■ Task prompt
Repeat the whole listing below precisely. Omit all pictures.

■ Source data
Segment Open
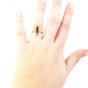 Broche en or 750 mil. à décor de feuilles de vigne ponctuée d’améthystes (manque une pierre) et bague en or 750 mil. sertie d’une pierre fine rose dans un entourage de semences de perle. (Manque une perle, monture coupée). 6,8 g. brut
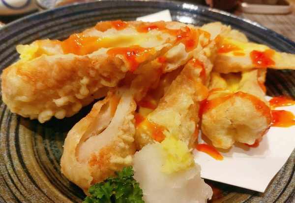 制作工艺:(1)首先来处理大虾,将大虾剥去虾头虾身,留下虾尾部位,随后剔除虾线,用刀在虾身轻轻剁上几刀,【目的是:便于入味,其次是炸制时不卷曲起来。】(2)将大虾用葱姜,干花椒,料酒,生抽少许抓拌均匀,腌制十分钟。(3)将鲜青花椒与小葱加在一起用刀剁成碎末,制成椒麻碎备用。(4)将大虾面涂抹上一点点椒麻碎,披上一条芝士,随后用培根卷起来,牙签固定或者线条固定住,包裹上一层鸡蛋糊,下入油锅中炸制金黄熟透,即可。(5)摆盘装饰,连同冰淇淋一同上桌。希望大家能够喜欢这个作品,我们下期再见。
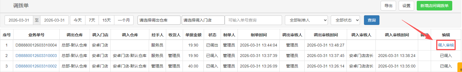 用于门店做调入审核,单据是从调拨单中创建并保存调出后,在门店调拨单单列表中自动生成待调入审核的单据,由收货方进行调入审核。
Segment Closed
■ Answer below
 Broche en or 750 mil. à décor de feuilles de vigne ponctuée d’améthystes (manque une pierre) et bague en or 750 mil. sertie d’une pierre fine rose dans un entourage de semences de perle. (Manque une perle, monture coupée). 6,8 g. brut
 制作工艺:(1)首先来处理大虾,将大虾剥去虾头虾身,留下虾尾部位,随后剔除虾线,用刀在虾身轻轻剁上几刀,【目的是:便于入味,其次是炸制时不卷曲起来。】(2)将大虾用葱姜,干花椒,料酒,生抽少许抓拌均匀,腌制十分钟。(3)将鲜青花椒与小葱加在一起用刀剁成碎末,制成椒麻碎备用。(4)将大虾面涂抹上一点点椒麻碎,披上一条芝士,随后用培根卷起来,牙签固定或者线条固定住,包裹上一层鸡蛋糊,下入油锅中炸制金黄熟透,即可。(5)摆盘装饰,连同冰淇淋一同上桌。希望大家能够喜欢这个作品,我们下期再见。
 用于门店做调入审核,单据是从调拨单中创建并保存调出后,在门店调拨单单列表中自动生成待调入审核的单据,由收货方进行调入审核。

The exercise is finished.